It takes me hours to get out of bed, but after that, only about half an hour.


----------



## MsDaisy (Dec 27, 2011)

30 min. for me.


----------



## The Professor (Jul 31, 2011)

whiterabbit said:


> Shower - 3 mins
> Teeth - 3 mins
> Dress - 1 min
> Find keys/money/various crap - like, an hour


^this


----------



## gusstaf (Jan 1, 2012)

Somewhere between 15 and 30 minutes, depending on how tired I am. I work from home, so I don't really need to get gussied up for work.


----------



## Barette (Jan 17, 2012)

10 minutes to wake up
40 minutes to do hair
40 minutes to do makeup
15 minutes to get dressed


----------



## Hopeful25 (Aug 8, 2011)

around 45 minutes usually, not that long :stu


----------



## Lonelyguy (Nov 8, 2003)

About 45 minutes. I get up at 6:00, shower, dress, eat breakfast, and I'm usually out the door by 6:45.


----------



## Kathykook (Aug 16, 2011)

ME: literally just roll out of bed from the top bed bunk. Done.
Takes about 15 seconds
Classes are at 6:15 a.m.


----------



## squidlette (Jan 9, 2012)

You know, if we're including how many times I hit snooze, it's quite a bit longer than 15 minutes...... but once I'm actually up, I don't do anything more than the pants/shoes/teeth routine and I'm gone in 5 minutes.


----------



## lucyinthesky (Mar 29, 2009)

Probably no more than fifty minutes. I'm an irritating person who loves mornings (usually).


----------



## FireIsTheCleanser (Aug 16, 2011)

5-10 minutes to get up and brush my teeth
10 minutes to eat
5 minutes to get my crap together

Now I have to wait for everyone else


----------



## alte (Sep 4, 2010)

30 minutes.

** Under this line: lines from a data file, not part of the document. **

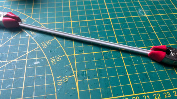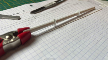 Ich fange mal fast ganz hinten mit dem Mixer an, dem letzten Teil, der auch in die Gülle getaucht wird. Der ist mehrfach verstärkt. Angefangen mit einer 5mm Poly Stange, oben einen Streifen "Längsverstrebung" aufgeklebt. Steht sogar erstaunlich gerade.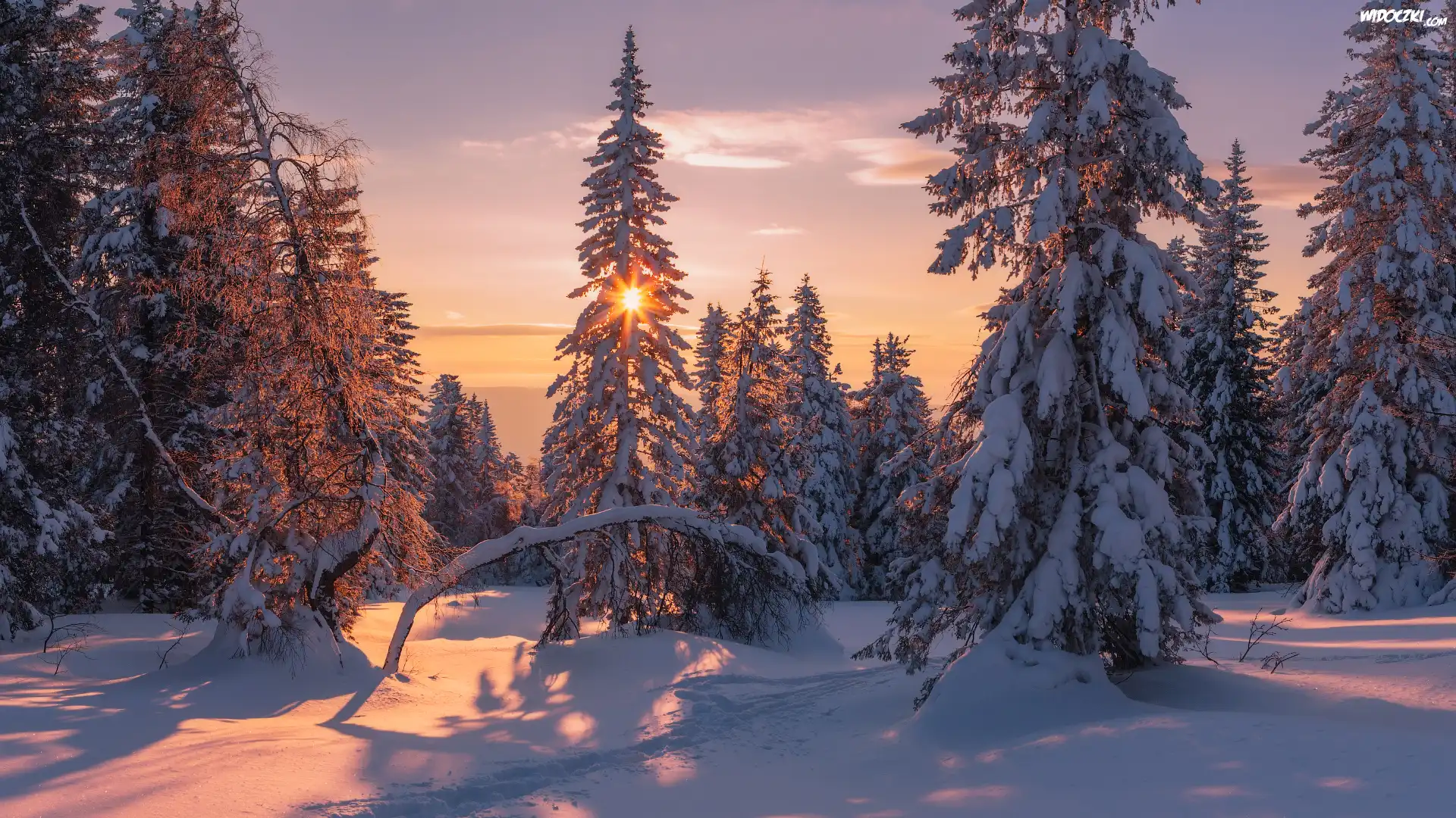 Zdjęcia, Zima, Śnieg, Promienie słońca, Las, Świerki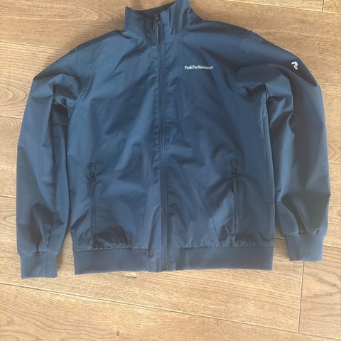 Tynn mørkeblå / navy Emporio Armani jakke, størrelse 16A / 170. Reversibel, med hette. Vil også passe XS herre, small kvinne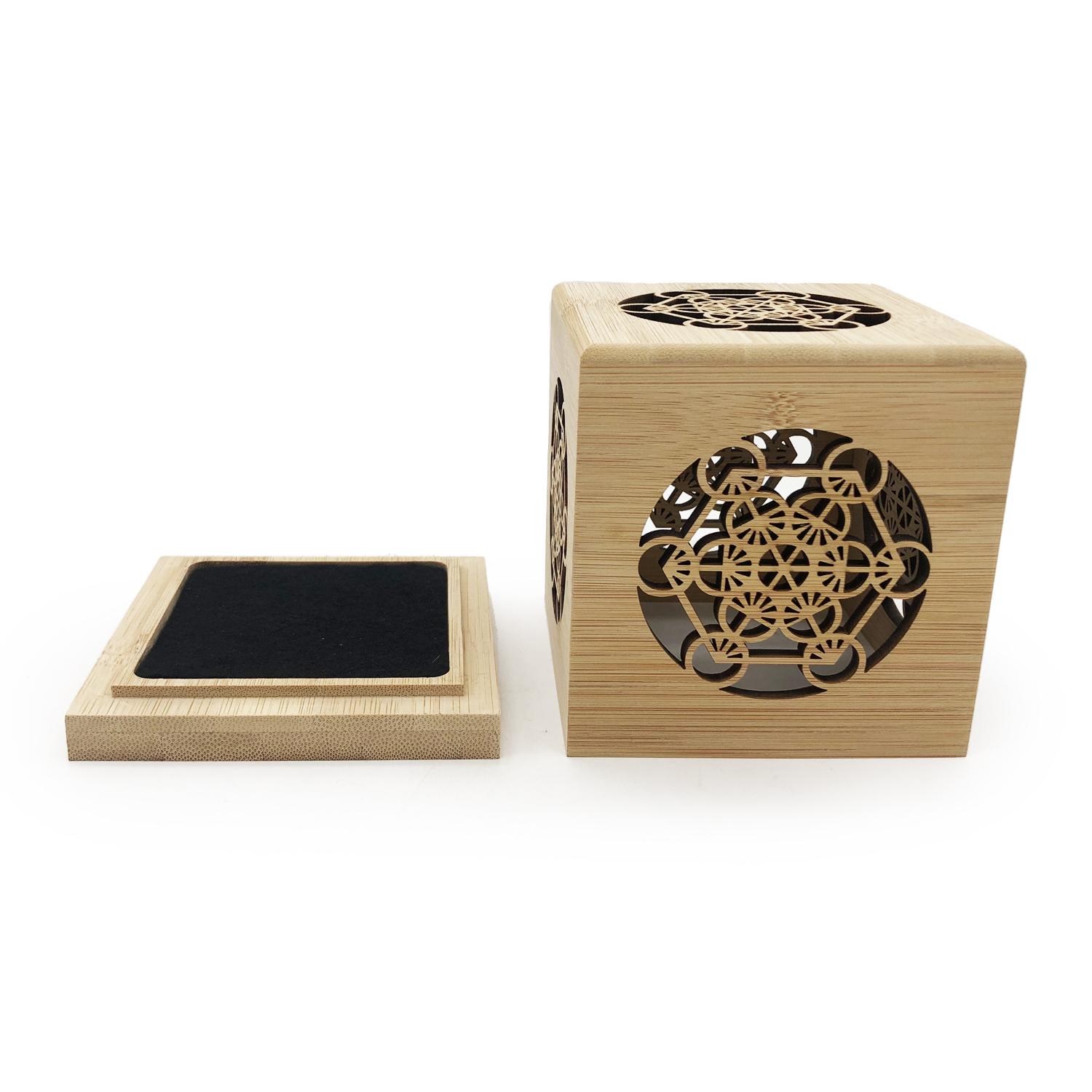 此香爐的意象、造型、材質都自帶療愈功效。生命之花是世界各地的象徵。我們的能量、地球和宇宙中的一切都交織在一個共同的重複圖案中,體現在這朵聖花的幾何形狀中。它完美的、無限的圖案代表了我們存在的線程,跨越平面和維度。立方體與地球元素相關聯並對應於根脈輪,但它們也尊重所有四個方向和基本元素。立方體創造基礎並鞏固能量,帶來穩定和安全。竹子結合了力量和靈活性,代表著和諧與平衡在我們自己的生活中如此重要。它可以彎曲但不會折斷,在惡劣的天氣中保持堅固而不僵硬——它優雅、適應性強且穩定。
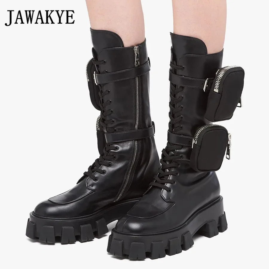 Nouveau Fond Epais Monolithe Bottes A Talons Hauts Femmes A Lacets Fermeture Eclair Avec Poche Bottes Longues Noir Chaussures D Hiver Femme Bottes De Moto Aliexpress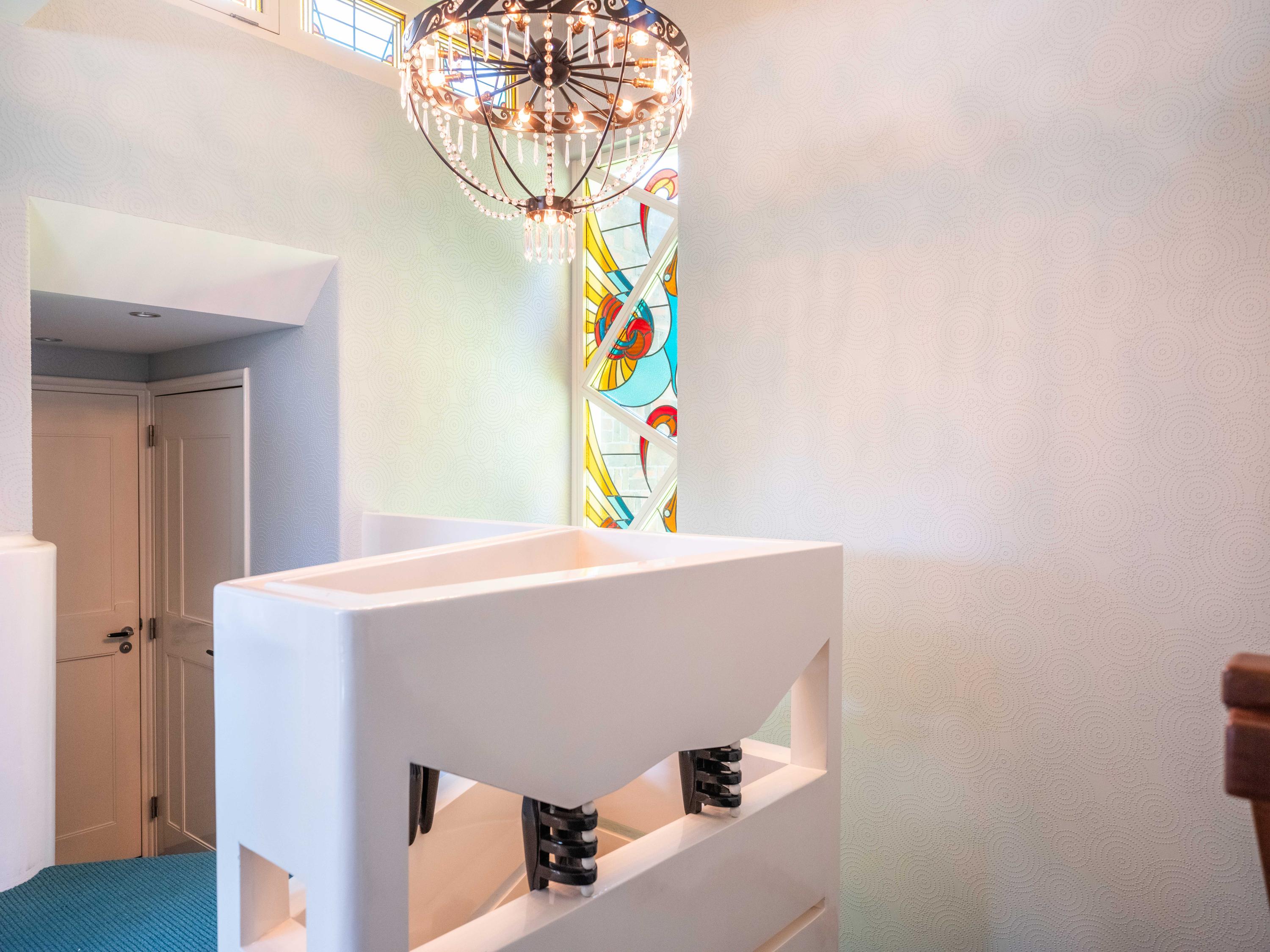 Via de trap met Amsterdamse School ornamenten en prachtig glas-in-lood raampartijen komen we op de 1e verdieping. Hier zijn 3 ruime slaapkamers gelegen waarvan de ouderslaapkamer met gashaard, inloopkast en een balkon met uitzicht op de groene tuin en de prachtige bomen. Ook op de overloop gelegen, enkele treden lager, een separaat toilet en een ruime badkamer met ligbad, douche, brede wastafel en een ruimte voor de wasmachine en droger.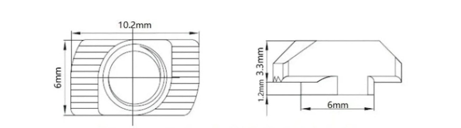 安装: 只需将 T 型螺母放入铝挤压件的槽中,然后拧紧以确保牢固固定。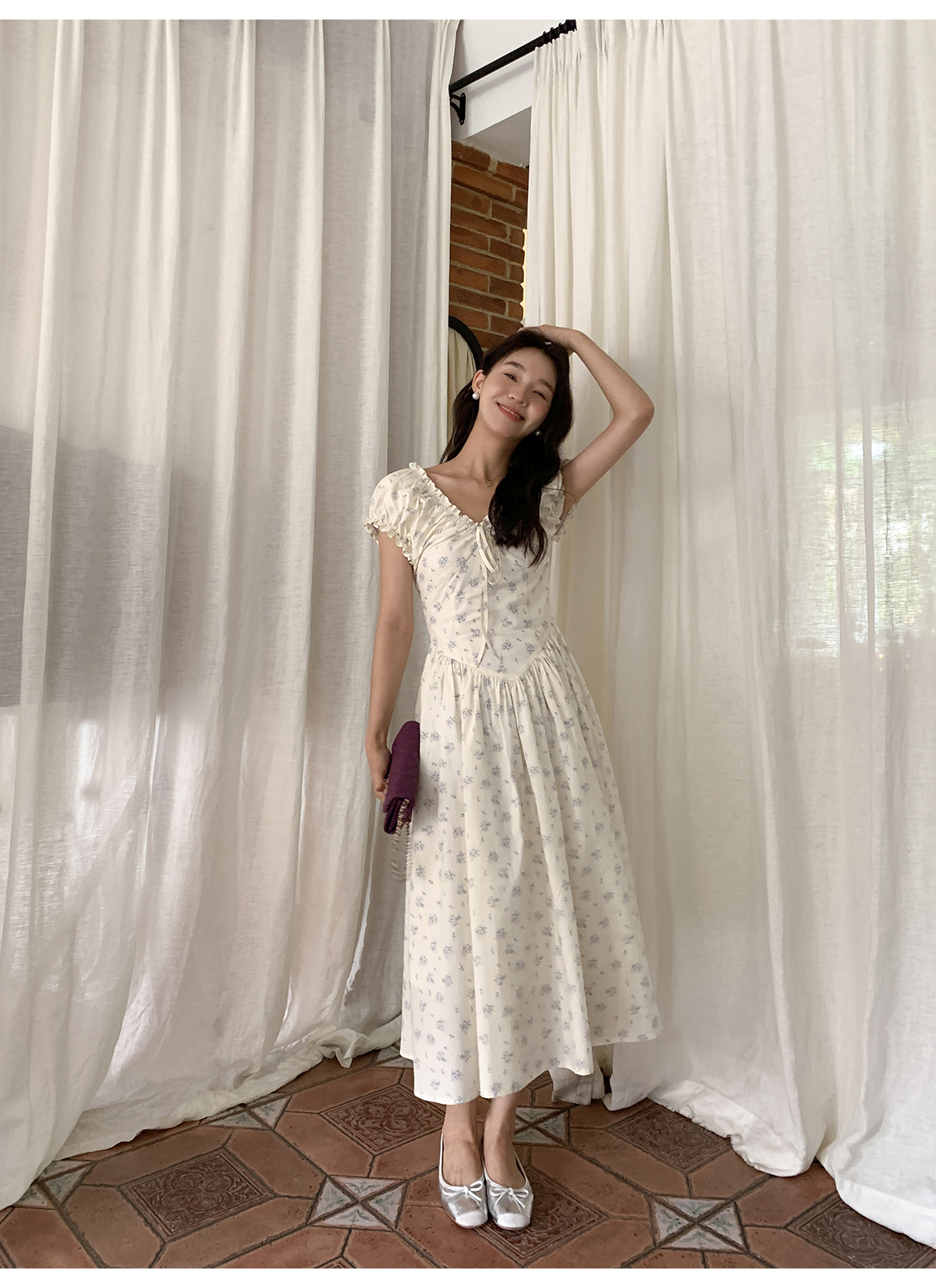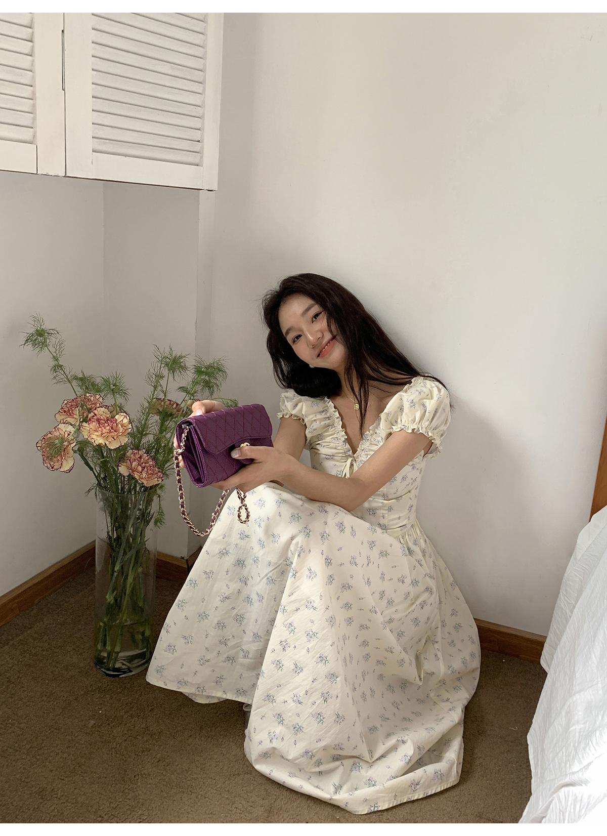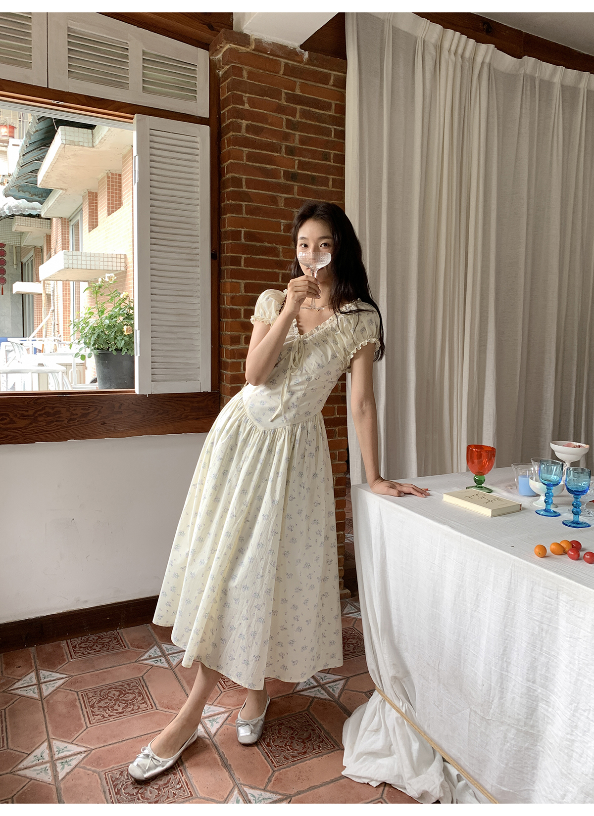 XXNING 純欲甜美氣質一字肩碎花連衣裙女云朵袖小眾別致抽褶長裙

Eat breakfast on the way. With a frequently changing schedule, I haven't been able to set a fixed time when I wake up and do everything in an orderly way.
2 days ago, I worked 7am to 4pm. Today it will be 9pm till 12.30pm tomorrow (night shift). On Monday, it will be 6am to 5pm.


----------



## panic bomb (Dec 23, 2011)

ooo I said 45 mins but it's really more like an hour, 45 mins after I get out of the shower. (enough time for my hair to air dry and then get further manipulated)


----------



## iChoseThisName (Oct 4, 2011)

45 mins usually, but I can be ready in 5 if on the rare occassion I run late.


----------



## Eraserhead (Sep 23, 2006)

5 minutes to stumble out of bed
20 minutes showering and drying off
10 minutes getting dressed
15 minutes eating
10 minutes teeth, hair, bag, etc. 

On a good day.


----------



## Jinxx (May 10, 2011)

An hour.


----------



## komorikun (Jan 11, 2009)

Fruitcake said:


> I move like a sloth in the morning and get easily distracted. If it's important that I'm not late, I allow myself about two hours to get ready. If I'm hurrying I can get ready in about 20 minutes.





tutliputli said:


> 1.5 hours. I'm very slow in the mornings, it takes me a long time to wake up and I procrastinate on everything.





Secretaz said:


> It takes more than 2 hours.
> - about 2 hours to wear makeup and fix my hair
> - 30 min to eat breakfast
> - 10 min to choose what clothes I want to wear
> ...





Barette said:


> 10 minutes to wake up
> 40 minutes to do hair
> 40 minutes to do makeup
> 15 minutes to get dressed


Do you guys wake up really early everyday to get ready?


----------



## PhilipJFry (Jan 24, 2012)

I said an hour but it would take me a lot less time if I wasn't lazy. I lay around in bed for twenty minutes trying to wake up. Take a twenty minute shower, brush my teeth, then grab something to drink. So yeah, about 50-60 minutes. It takes me at least a couple hours before I'm fully awake.


----------



## Resonance (Feb 11, 2010)

Fruitcake said:


> I move like a sloth in the morning and get easily distracted. If it's important that I'm not late, I allow myself about two hours to get ready. If I'm hurrying I can get ready in about 20 minutes.


Yeah, this.


----------



## sansd (Mar 22, 2006)

I usually set my alarm for something like 1.5 hours before I need to leave. I tend to lie in bed for 40 minutes to an hour after it goes off, then mess around (make tea, use the computer, listen to music) until I have about ten minutes left, at which point I throw on clothes, try to get my stuff together, and run out the door with unbrushed hair. I often forget something and have to run back and grab it before I then end up running to catch and/or missing the bus I hoped to take.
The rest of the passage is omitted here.